Syahrul menambahkan bahwa dari Maret hingga April akan memasuki puncak panen. Bahkan produksi beras juga bisa mencapai 5,9 juta ton.
“Totalnya rata-rata 5,9 (juta ton) dari data yang ada ya, yang selama ini kita jadikan rujukan. Walaupun dengan berbagai varietas, yang kita pakai sekarang sudah lebih dari itu, tapi kita pakailah yang terendah 5,9 data BPS,” tuturnya.
“Dan tentu kita berharap ya serapan-serapan ini bisa secara maksimal dilakukan oleh kepentingan-kepentingan konsumen kita,” lanjut Syahrul.
2. Harga beras Indonesia paling mahal se-ASEAN

Harga beras di Indonesia termasuk yang paling tinggi di antara negara-negara tetangga di kawasan ASEAN.
Hal itu diungkapkan Bank Dunia (World Bank) dalam laporan Prospek Ekonomi Indonesia (Indonesia Economic Prospects/IEP) edisi Desember 2022.
"Harga beras eceran di Indonesia secara konsisten menjadi yang tertinggi di ASEAN selama 1 dekade terakhir, yakni 28 persen lebih tinggi dari Filipina, dan dua kali lipat lebih tinggi dari harga beras di Vietnam, Kamboja, dan Thailand," demikian laporan IEP Desember 2022.
3. Harga beras yang tinggi merugikan masyarakat

Bank Dunia menilai masyarakat Indonesia harus menanggung kerugian karena tingginya harga beras dibebankan kepada masyarakat.
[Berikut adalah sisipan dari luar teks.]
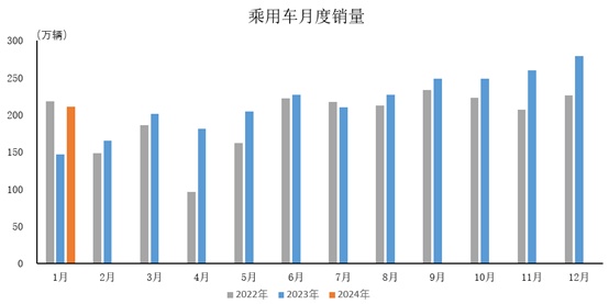 2024年1月,乘用车产销分别完成208.3万辆和211.5万辆,环比分别下降23.2%和24.2%,同比分别增长49.1%和44%。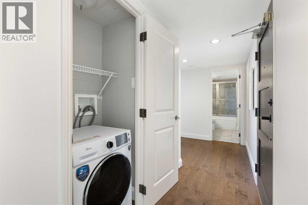 ELECTRICITY INCLUDED | STORAGE UNIT | GYM AND PARTY ROOM | WALK TO 17TH AVE | Centro 733 is a perfect location to enjoy the many nearby green spaces, walk to the bow river or pop over to trendy and vibrant 17th Ave for great food and entertainment. This 2-bedroom, 1 bathroom home offers an open floor plan featuring modern finishes such as hardwood floors, contemporary trim package, granite counter tops and stainless-steel appliances. In the kitchen you will enjoy stylish cabinetry with glass doors, an eat up bar and loads of storage for all your kitchen gadgets. The dining area allows for a dining table big enough for all your family gatherings. Both bedrooms are large enough for a queen bed. The bathroom boasts a large vanity, great for storage, a modern glass sink, tile surround in the shower with glass shower doors. This fabulous unit also comes with in suite laundry, a parking stall, gym, party room and the condo fees include electricity. (id:6769

Dampak itu pun lebih signifikan pada kaum miskin.
"Harga beras yang tinggi juga merugikan petani. Karena dua pertiga dari petani mengonsumsi pangan pokok (beras), dan secara keseluruhan mereka tidak mendapatkan keuntungan dari harga tinggi pada produk pertanian yang mereka hasilkan," lanjut isi laporan tersebut.